“… But … But I am Brown.” The Ascribed Categories of Identity: Children and Young People of Mixed Parentage

Posted in Articles, Identity Development/Psychology, Media Archive, Social Work, United Kingdom on 2010-04-01 20:39Z by Steven

“… But … But I am Brown.” The Ascribed Categories of Identity: Children and Young People of Mixed Parentage

Child Care in Practice
Volume 13, Issue 2 (April 2007)
pages 83 – 94
DOI: 10.1080/13575270701201169

Annabel Goodyer, Principal Lecturer in Social Work
London South Bank University

Toyin Okitikpi

This paper explores the concept of the categorisation of social groups by looking at the issue of ascribed categories of identity for children and young people of mixed parentage.
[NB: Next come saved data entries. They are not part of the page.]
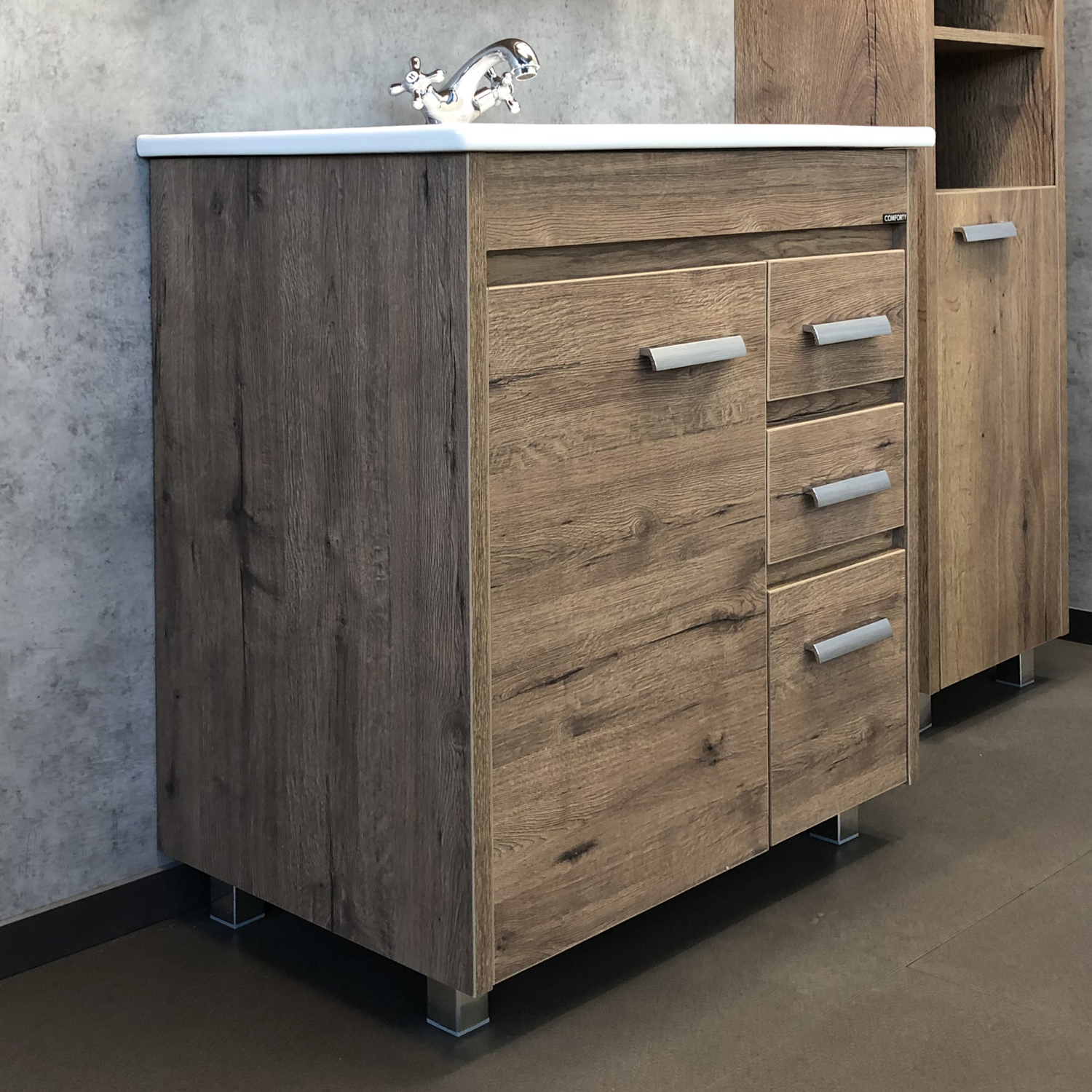 COMFORTY. Тумба-умывальник "Марио-60/75 " дуб дымчатый /сосна с раковиной Quadro 60/75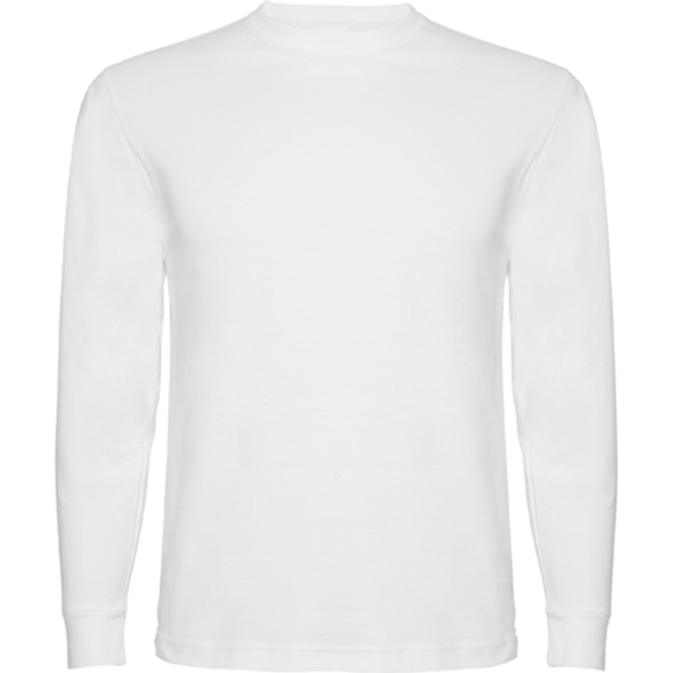 La camiseta de manga larga Roly POINTER está disponible en color blanco. Comprende tallas desde la S a la 3XL Cuenta con tejido tubular, con cuello redondo de 4 capas y puños canalé.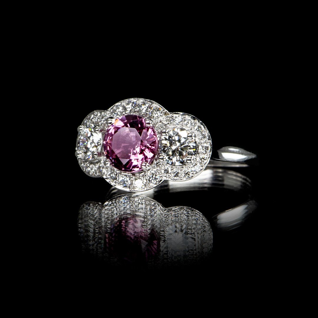 This romantic French vintage style ring features a sparkling pink tourmaline flanked by two diamonds and surrounded by smaller diamonds in an 18ct white gold handcrafted cluster setting.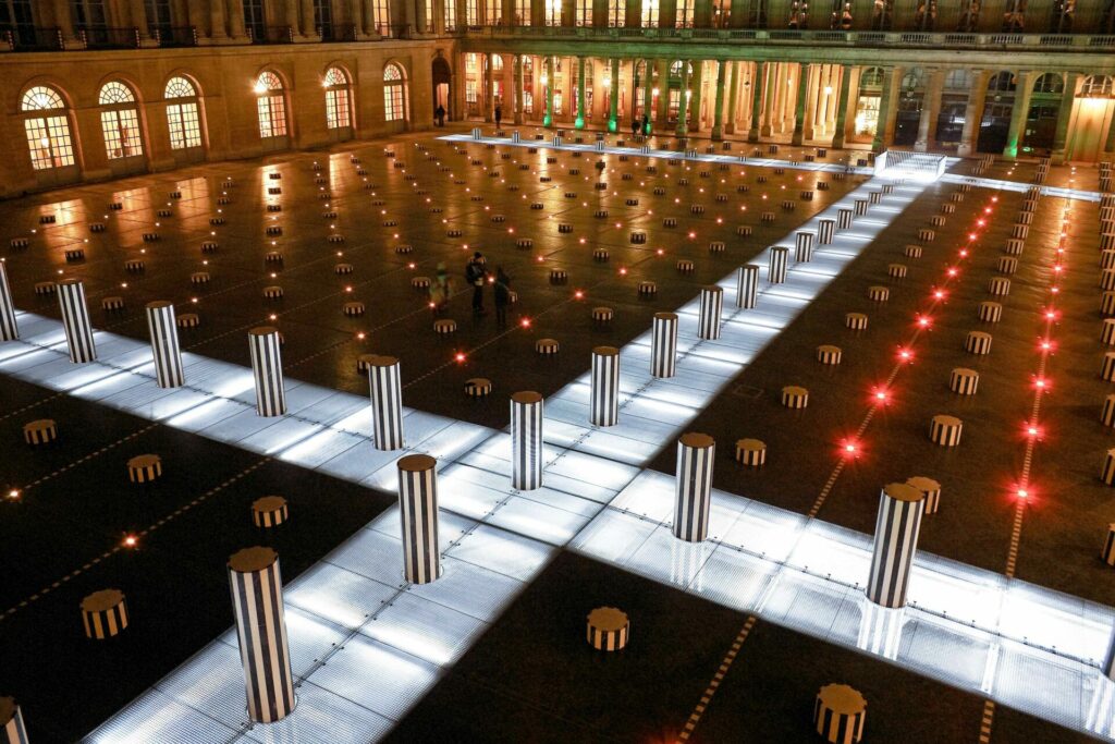 Initialement éclairée en 1985 par des balises PALAIS ROYAL – 1843, sélectionnées par l’architecte Patrick Bouchain, l’installation lumineuse a été repensée pour rester fidèle à l’intention artistique.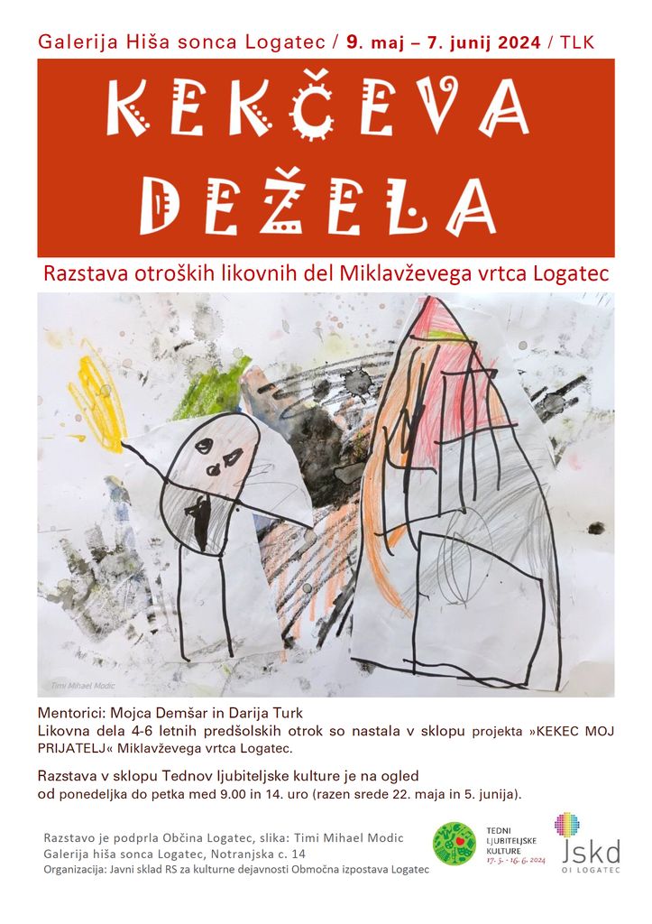 Logaška območna izpostava Javnega sklada RS za kulturne dejavnosti organizira razstavo KEKČEVA DEŽELA, otroških likovnih del Miklavževega vrtca Logatec. Razstava v sklopu tednov ljubiteljske kulture je v Galeriji hiša sonca Logatec na ogled od 9. maja do 7. junija 2024, od ponedeljka do petka med 9.00 in 14. uro (razen srede 22. maja in 5. junija).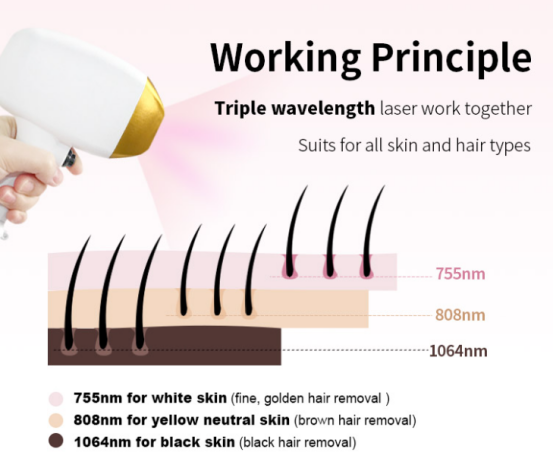 従来のレーザー脱毛は通常、単一の波長レーザーを使用します。異なるレーザー波長は、髪の深さと皮膚色素に対して吸収能力が異なるため、単一の波長レーザーは、すべての髪と肌の種類、755nmの波長に最適な効果をもたらさない可能性があります。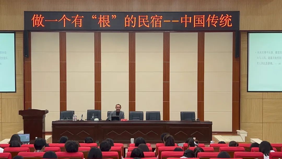 在随后的互动环节,王兵先生还进一步与师生交流了自己对“地方文化在民宿中的取舍”“民宿管家需要哪些特质”等问题的看法,并现场进行品牌宣讲,热情邀请同学们以观摩学习、假期学习、实习就业等各种方式进一步了解匠庐品牌、切身体悟民宿产业。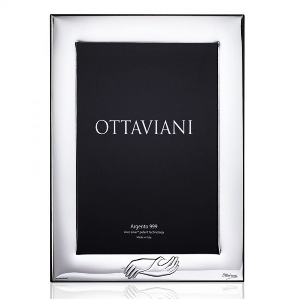 Cornice portafoto firmata Ottaviani modello "abbraccio" in argento e retro in legno, adatta su qualunque tipo di arredo. Misura interna per la foto 18 x 24 cm. Orientamento sia verticale che orizzontale. Rappresenta l'unione di mani, come fosse un abbraccio. Perfetta idea regalo per Matrimonio, Anniversario o da regalare alla coppia per l'inaugurazione di casa nuova.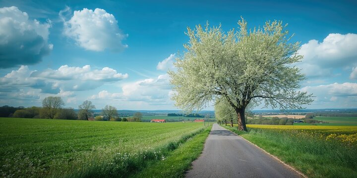 Blooming trees along a bikeway in south Germany in spring, serving as a scenic backdrop for editorial headers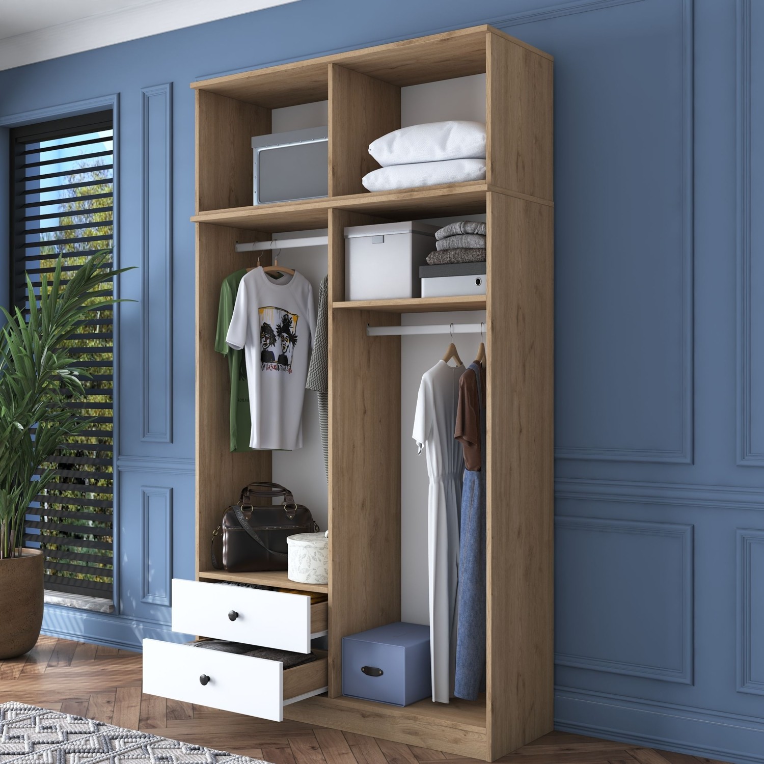 Rani BA121 Geniş Gardırop Elbise Dolabı 8 Kapaklı 2 Çekmeceli 1 Raflı 2 Askılı Sepet Ceviz – Beyaz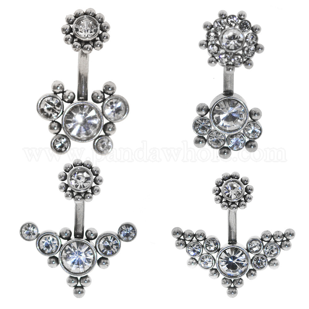 • Цветок Кольца для пупка из нержавеющей стали с прозрачным кубическим цирконием 15 калибра, пирсинг пупка кольца, изогнутая штанга украшения для тела для женщин, цвет нержавеющей стали, цветок, 11 мм, штифты : 1.6 мм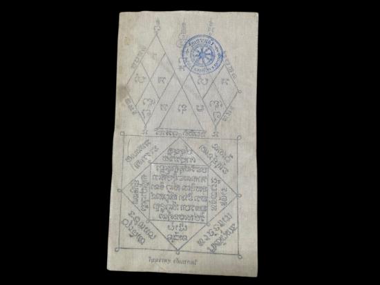 Q108. ผ้ายันต์วัดเกาะแก้ว สุพรรณ มีตราวัด เหมาบ้านติดมา (เคาะเดียวแดง) |
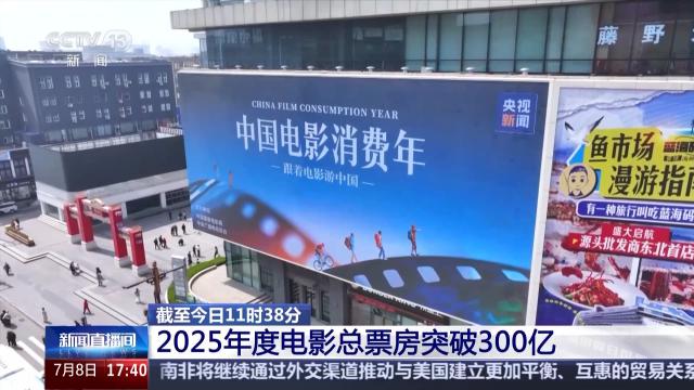 据网络平台数据,截至7月8日11时38分,2025年度电影票房(含预售)突破300亿,比去年提前了28天。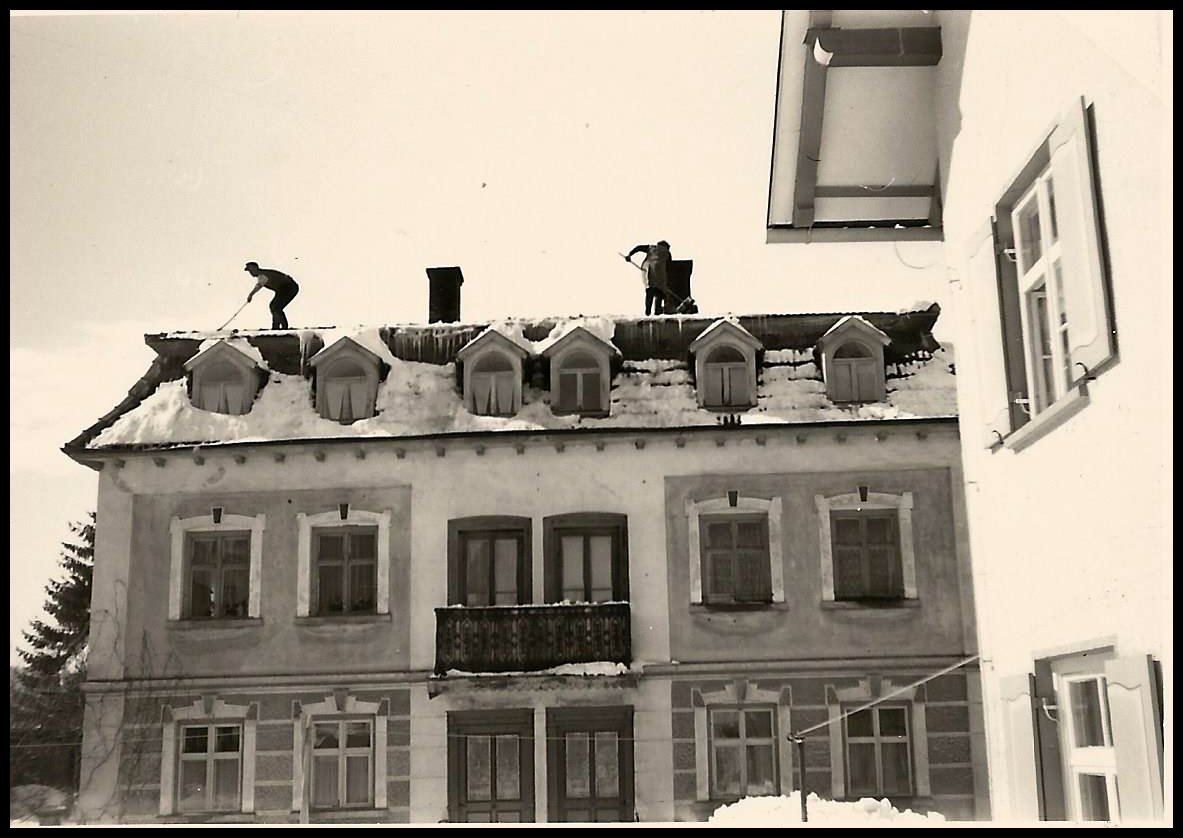 - Die Hausbewohner Kohler und Josephine Thanner sind auf das Dach gestiegen, um es von der Schneelast zu befreien.

Our exploration of the knowledge-base in this area reveals that children and young people have clearly expressed views about their racial identity and that these views are broadly consistent across research studies. In essence, children and young people’s expressed views are that they are not mixed-race, black or white, but are in fact brown. The emerging sociology of childhood and the government’s current child participation agenda emphasise the centrality of children and young peoples’ perspectives on the provision of services that seek to support them. Through this perception, which places children and young people’s own understandings of their racial identity at the forefront of the analysis, we added fresh understandings to the existing data concerning ascribed categories of identity for children and young people of mixed parentage.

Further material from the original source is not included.